The issue with the --opt* syntax is it's awkward and not intuitive. It feels like a hack and it basically is.

That said, I think it's best to keep INSTALL for now. Let's make it clear in the tool, docs and our demonstrations what it does. Let's focus our energies on all the useful options to RUN that we all care about that really impact UX.

dustymabe commented 9 years ago

So are we still going to unpack files to the current working directory? I often do atomic run helloapache followed by atomic run <something else>. If you do that and everything unpacks to the current directory then things get confusing quickly.

We could still detect if answers.conf exists in the current directory and use it, but other than that put everything in the temp directory.

aweiteka commented 9 years ago

@dustymabe right, we don't want to unpack to current workdir unless the user specifies that directory, overriding the tmpdir.

Sounds like we're on the same page.

vpavlin commented 9 years ago

So are we going to mount /tmp and create/find a specific directory there?
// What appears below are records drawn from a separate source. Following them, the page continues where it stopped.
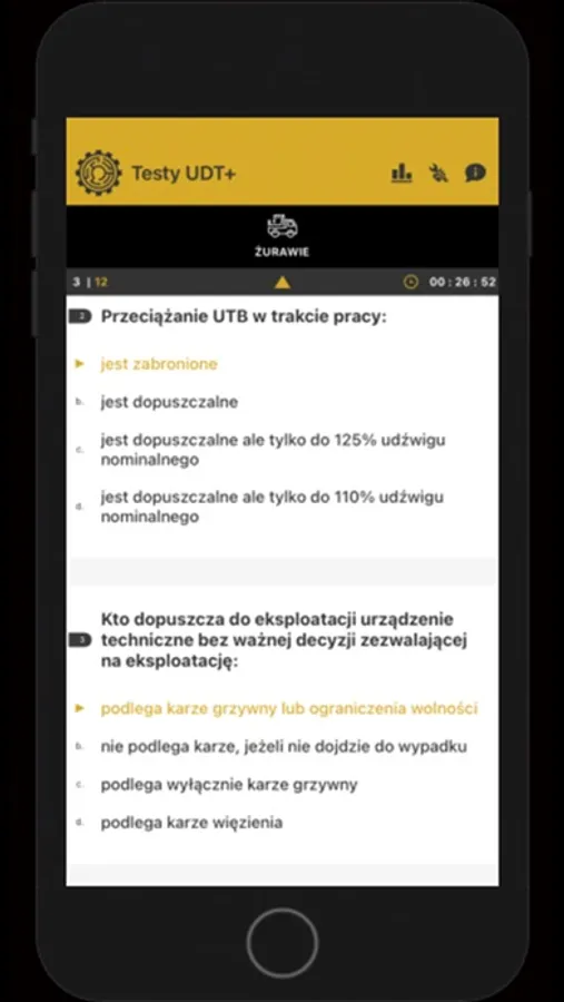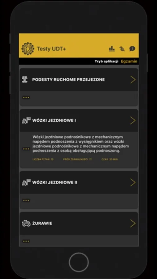 Aplikacja Testy UDT jest przeznaczona głównie dla osób, które zdobywają kwalifikacje Urzędu Dozoru Technicznego na urządzenia transportu bliskiego. Testy teoretyczne udostępnione w aplikacji opracowane są zgodnie z zasadami obowiązującymi na egzaminie teoretycznym Urzędu Dozoru Technicznego.
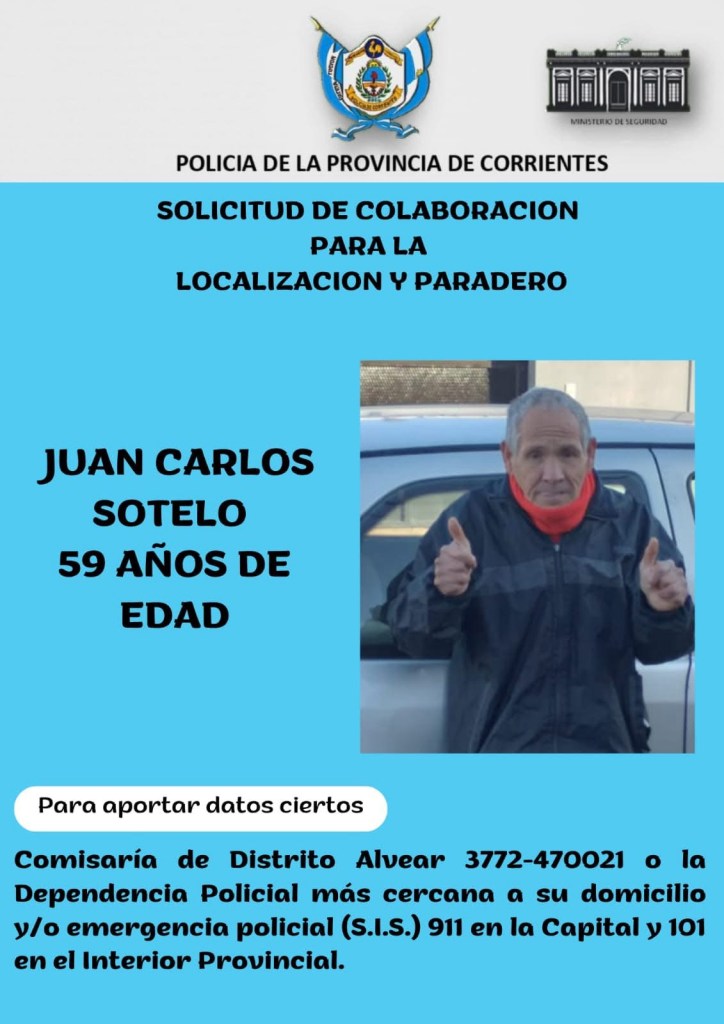 Alvear, 10 de julio de 2025 — La Policía de Corrientes, a través de la Comisaría de Distrito Alvear y distintas áreas de apoyo, continúa con una intensa búsqueda para dar con el paradero de Juan Carlos Sotelo, de 59 años de edad, quien se encuentra desaparecido desde el pasado domingo, cuando salió de su casa con la intención de asistir a un partido de fútbol de primera división. Desde ese momento, no se volvió a tener noticias sobre su ubicación.
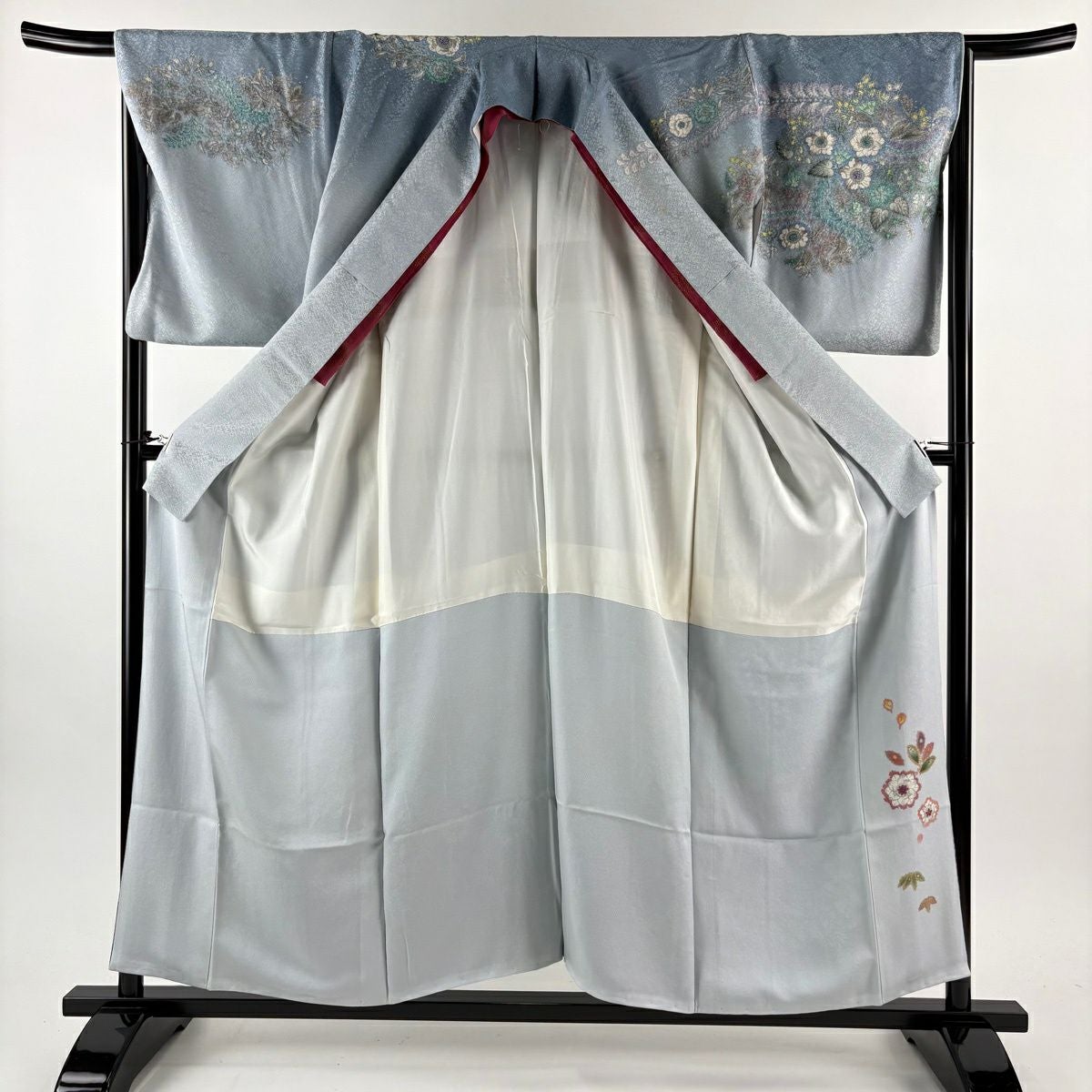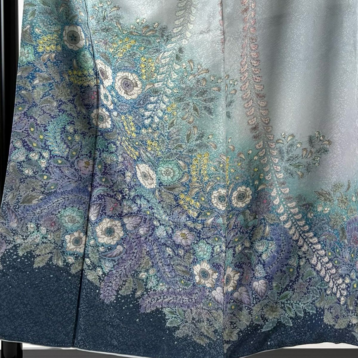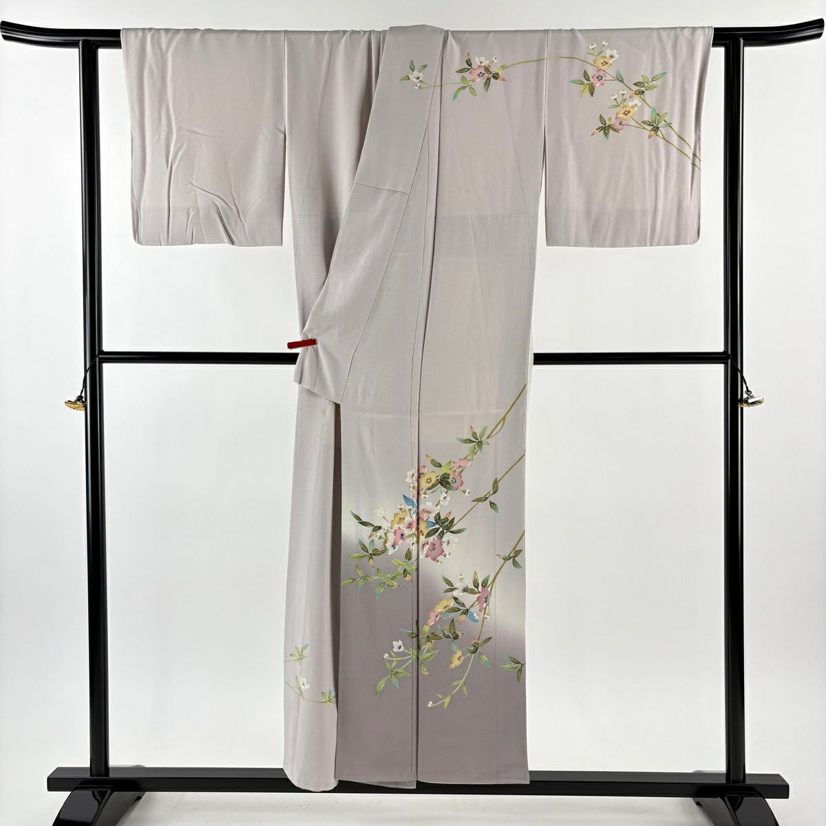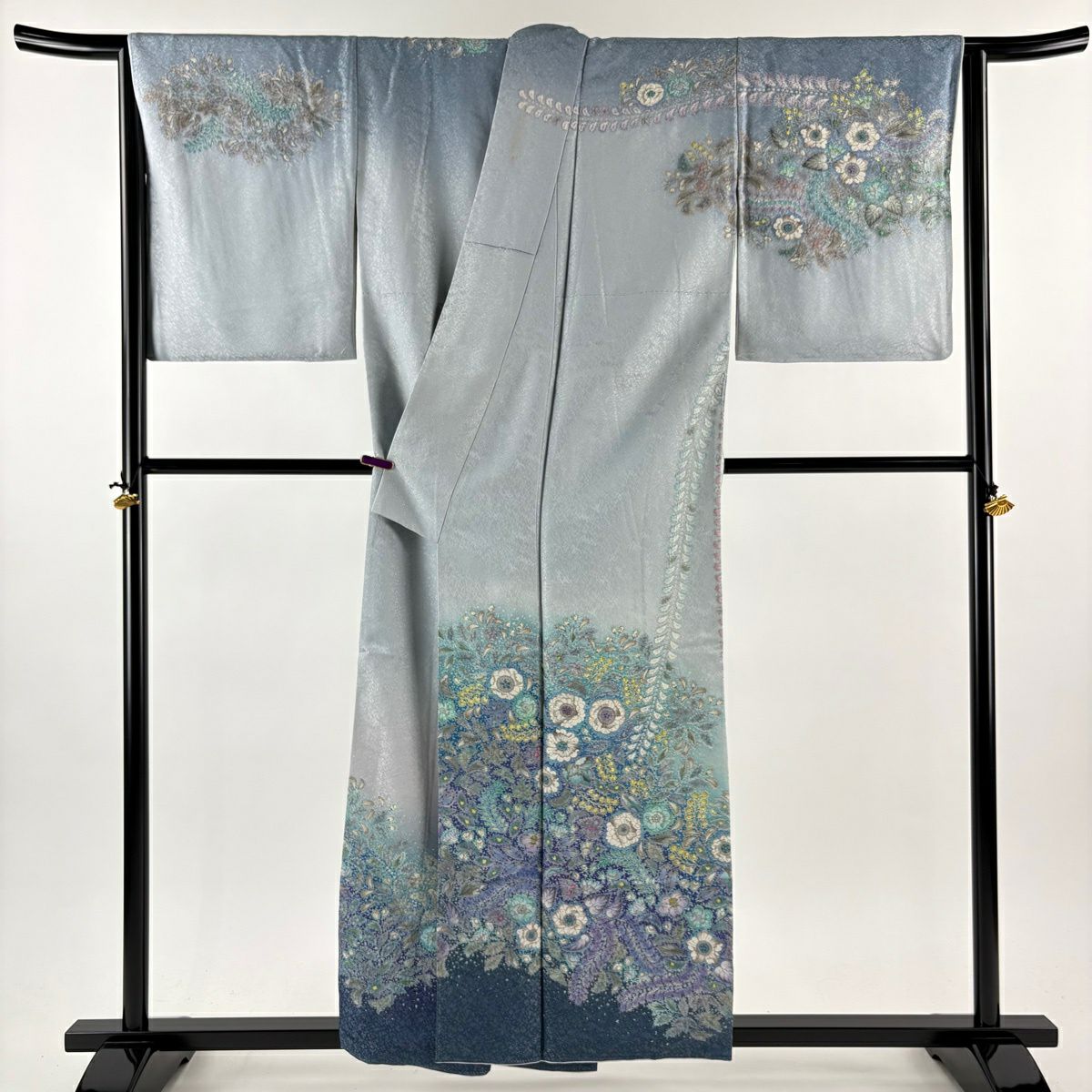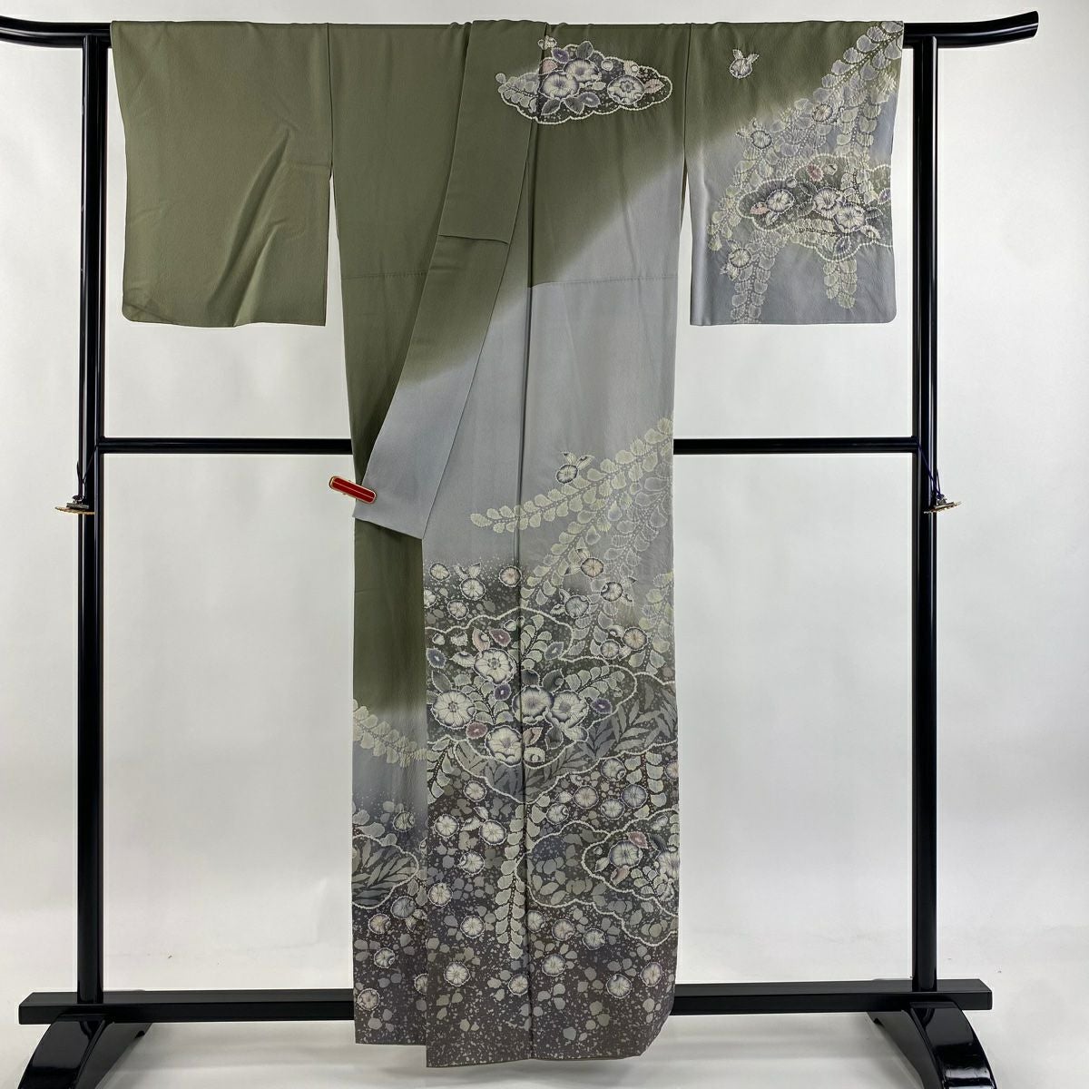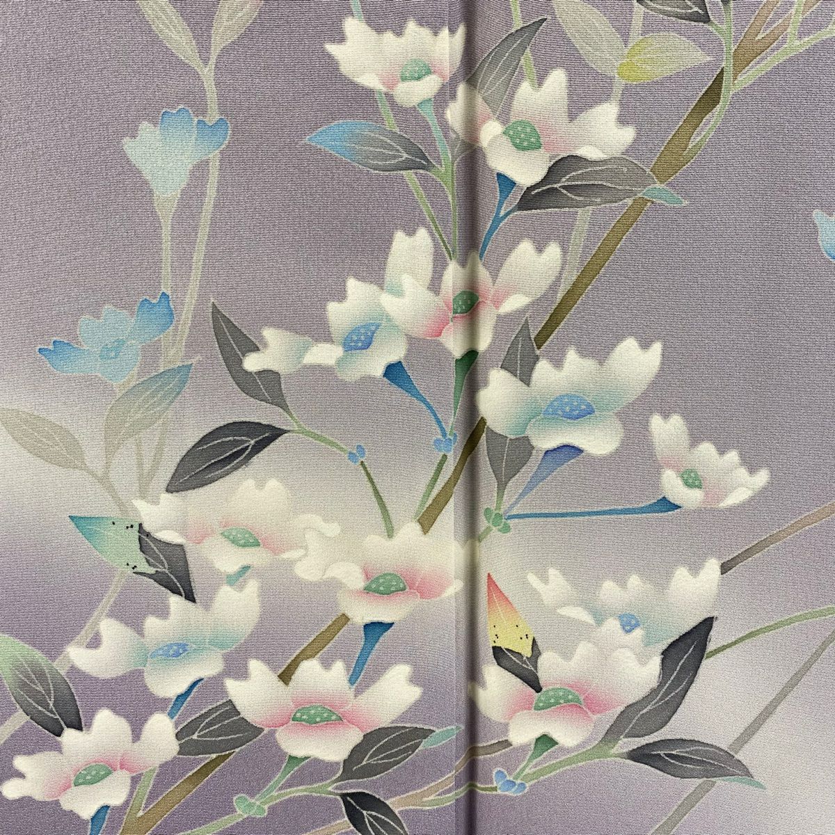 付下げ 身丈155.5cm 裄丈64cm M 袷 鶴見保次 落款あり 枝花 雪輪 ぼかし 青灰色 正絹 逸品 一つ紋
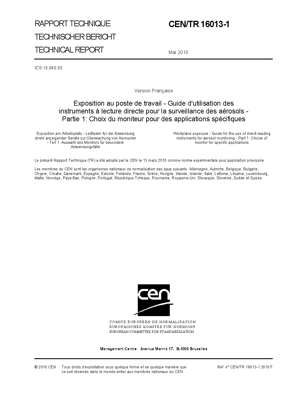CEN/TR 16013-1:2010
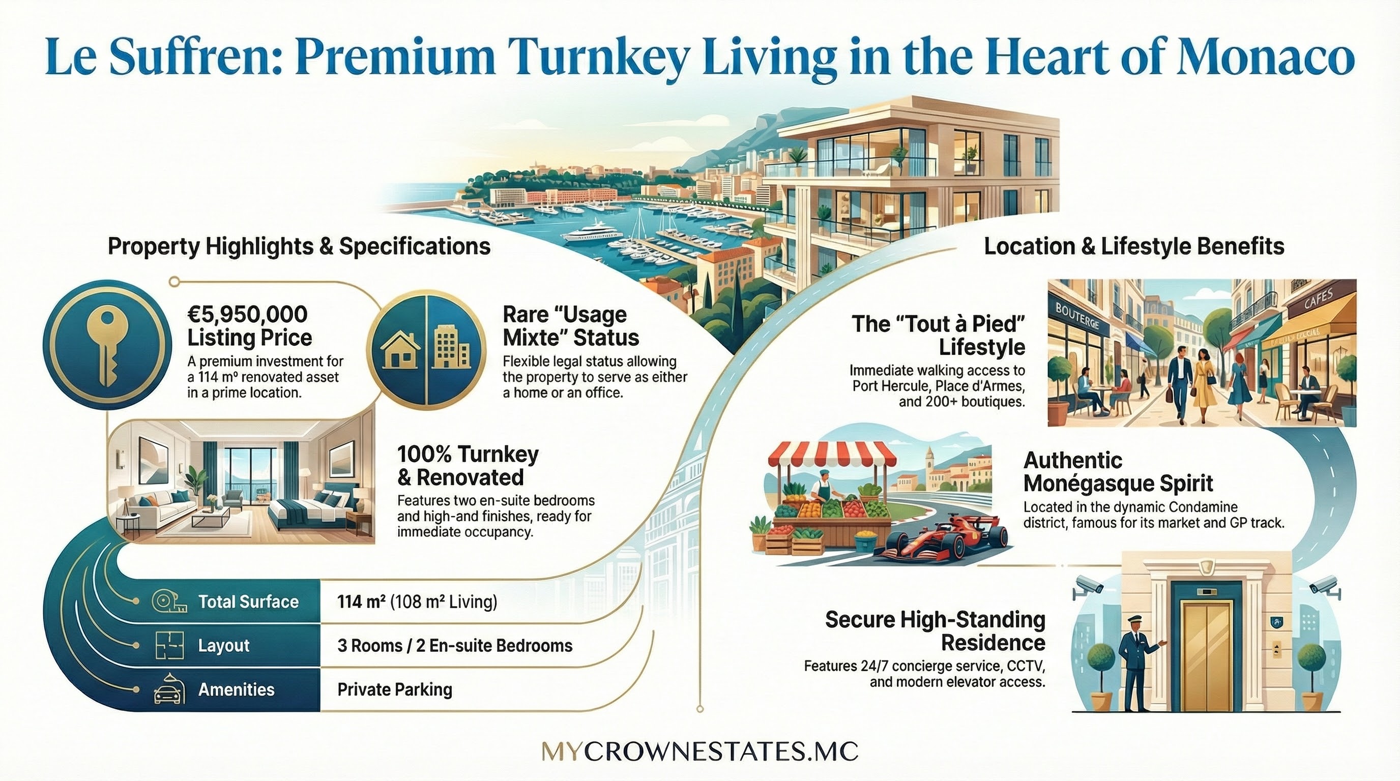 La Condamine incarne l’authenticité monégasque : rue piétonne commerçante (200 boutiques), produits frais Place d'Armes, proximité écoles internationales et gare Monaco-Monte-Carlo (1km). Rue Suffren Raymond assure calme relatif malgré l’animation, avec accès direct Port Hercule et quais événementiels.
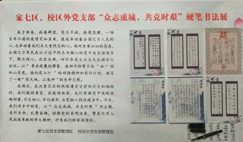 新型冠状病毒肺炎疫情发生以来,全国上下凝心聚力,共克时艰。家七区及校区外退休党支部积极响应疫情防控攻坚战,在东营校区康乐宫联合组织“众志成城,共克时艰”硬笔书法展,64名党员提交百余幅作品参加展览,以书法作品的形式盛赞全国人民同心抗疫的伟大精神,向勇往直前的一线人员致敬。
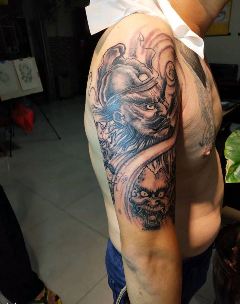 当前位置: 首页 >河北省邯郸市纹身店-帝易纹身总师父店纹身图案>知道怎么叫赚钱吗?纹身图片_肩部手臂传统人物鬼神成品纹身图案
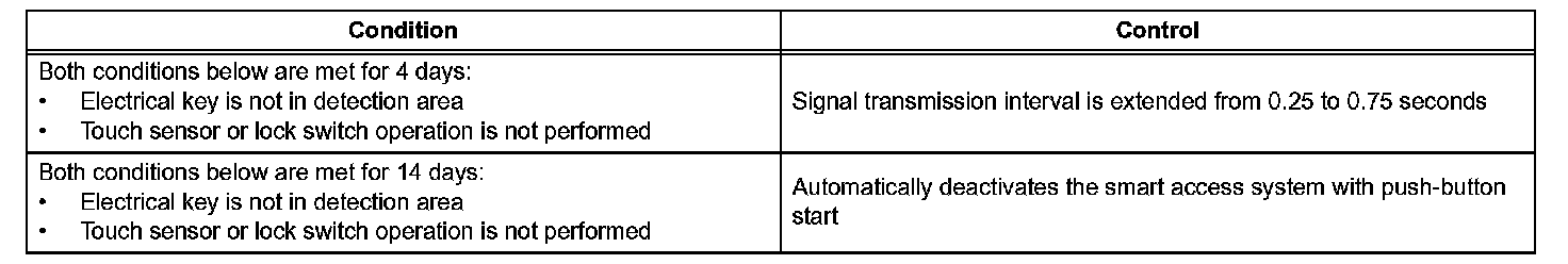 In the smart access system with push-button start, signals are emitted outside of the vehicle at a prescribed interval (0.25 seconds) when the doors are locked. Therefore, the vehicle battery could be drained if the vehicle remains parked for a long time. For this reason, the controls listed in the image are affected.
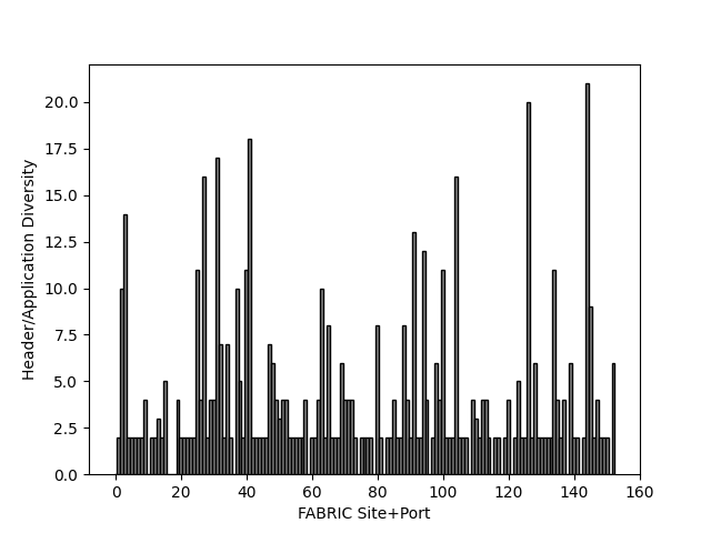 Variety of application/protocol headers across FABRIC site ports: (anonymised)

ncoghlan commented 9 years ago

On 27 August 2015 at 17:09, Vaclav Pavlin notifications@github.com wrote:

So are we going to mount /tmp and create/find a specific directory there?

In trying to get the Pulp local demo playing nice with host-owned directories, I'm honestly starting to think the better option is to automatically create a data container that exports the necessary volumes, and link the volumes from there. That leaves the host system clean, and gets you away from an SELinux nightmare.

Regards, Nick.

Nick Coghlan | ncoghlan@gmail.com | Brisbane, Australia

cctrieloff commented 9 years ago

For reference:

https://docs.google.com/document/d/17LVMS7vLaLbhfFeVenlcChsGWjBOmw1B44I63j7Sf1k/edit#heading=h.y9ygf9v7vdie

cdrage commented 9 years ago

@cctrieloff can you make the file public?

dustymabe commented 8 years ago

I think this will be taken care of by PR #278. It should be merge shortly and we can confirm before beta-3.

dustymabe commented 8 years ago

This is done by 7d4dbab. Will close once beta3 branch is merged to master.